Question

If two bodies cover the distance in ratio 2:3 in the interval time ratio 3 :2 what is the ratio of their average speeds?

Answer 1

Given :-

The distance covered by two bodies in ratio 2:3

And the time taken by both bodies in ratio. 3:2

To find :-

We have to find the ratio of their average speed !

According to formula

$\boxed{\sf{\dag\ \ Average\ speed= \dfrac{Total\ distance }{Total \ time }}}$

• Let the distance be x

• and time be y

• Then,

$\sf\bullet Distance_1(D_1)= 2x \ \ \ \ \ ; \ Time _1(T_1)= 3y\\ \\ \sf\bullet Distance_2(D_2)= 3x \ \ \ \ \ ;\ Time _2(T_2)= 2y$

• Now find the ratios of their average speed

$:\implies\sf Average\ speed = \dfrac{D_1+D_2}{T_1+T_2}\\ \\ :\implies\sf Average\ speed = \dfrac{2x+3x}{3y+2y}\\ \\ :\implies\sf Average\ speed =\dfrac{5x}{5y}\\ \\ :\implies\sf Average \ speed = \dfrac{x}{y} \\ \\ :\implies\sf Average \ speed = x:y\ \ (1:1)$

$\underline{\boxed{\sf{\dag Ratio \ of \ their\ Av.\ speed = 1:1 }}}$

Answer 2

Ratio of their average speeds is 1 : 1

Solution

We have ratio of distance covered by two body 2 : 3 , ratio of time interval 3 : 2.

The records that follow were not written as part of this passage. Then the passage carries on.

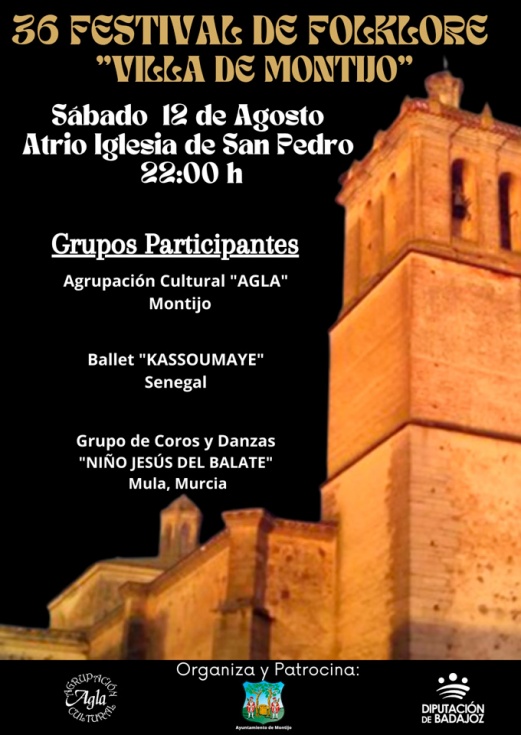 El Atrio de la Iglesia de San Pedro será el escenario en el que grupos folklóricos llegados de Murcia y de Senegal, acompañarán a la Agrupación Cultural Agla, de Montijo, para deleitar a los presentes, vecinos y visitantes, de una noche de bailes tradicionales en la celebración del 36 Festival de Folklore “Villa de Montijo”.
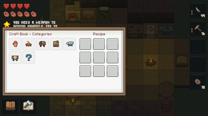游戏一开始点第二个选项,然后把左边四个项目调成D..... (图1) 解锁物品合成表还有开头的生存物品(它可以无限刷,点游戏齿轮图标第一个保存第二个退出,循环翻倍物品)。 游戏怪能自爆 又多 又难打 又容易死,所以要自保,在沙漠找椰子树 砍3个就够了(椰子叶做床)然后做稿子到石头堆里做庇护所 天黑前做工具台 用石头做石墙把自己围起来,深夜出怪立刻睡觉。 高级稿子挖高级矿 锄头挖深色泥土耕地种萝卜和小麦 然后就看着搞。
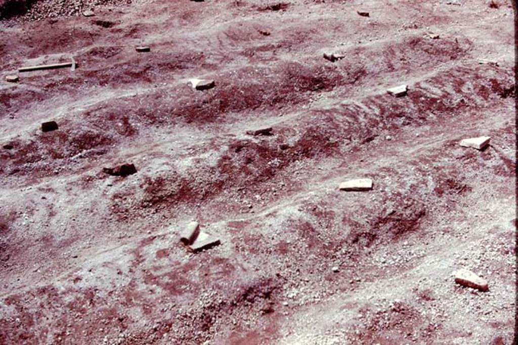 III.7 Pompeii. 1976. Furrows with root cavities protected by stones. Photo by Stanley A. Jashemski.
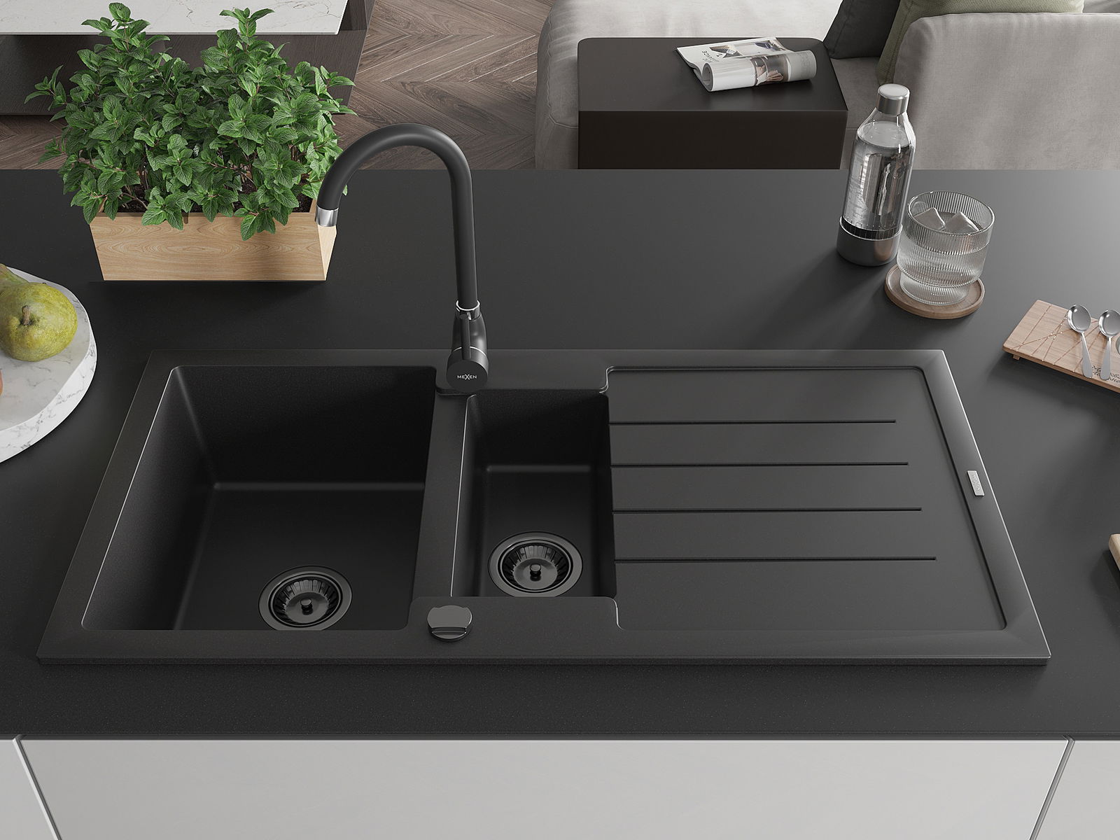 Mexen Andres zlewozmywak granitowy 1,5-komorowy z ociekaczem 1000 x 500 mm czarny, syfon czarny - 6515101510-77-B

We have to find ratio of their average speeds.

Let the distance covered by two body be 2d & 3d respectively.

And, time taken by two body be 3t & 2t respectively.

We know that,

★ Average speed = Total distance/Total time

◗ Finding average speed of two bodies :

Putting all values we get :

⇒ Average speed = (2d + 3d)/(3t + 2t)

⇒ Average speed = 5d/5t

⇒ Average speed = d/t

⇒ Average speed = 1/1

⇒ Average speed = 1 : 1

∴ Ratio of their average speeds is 1 : 1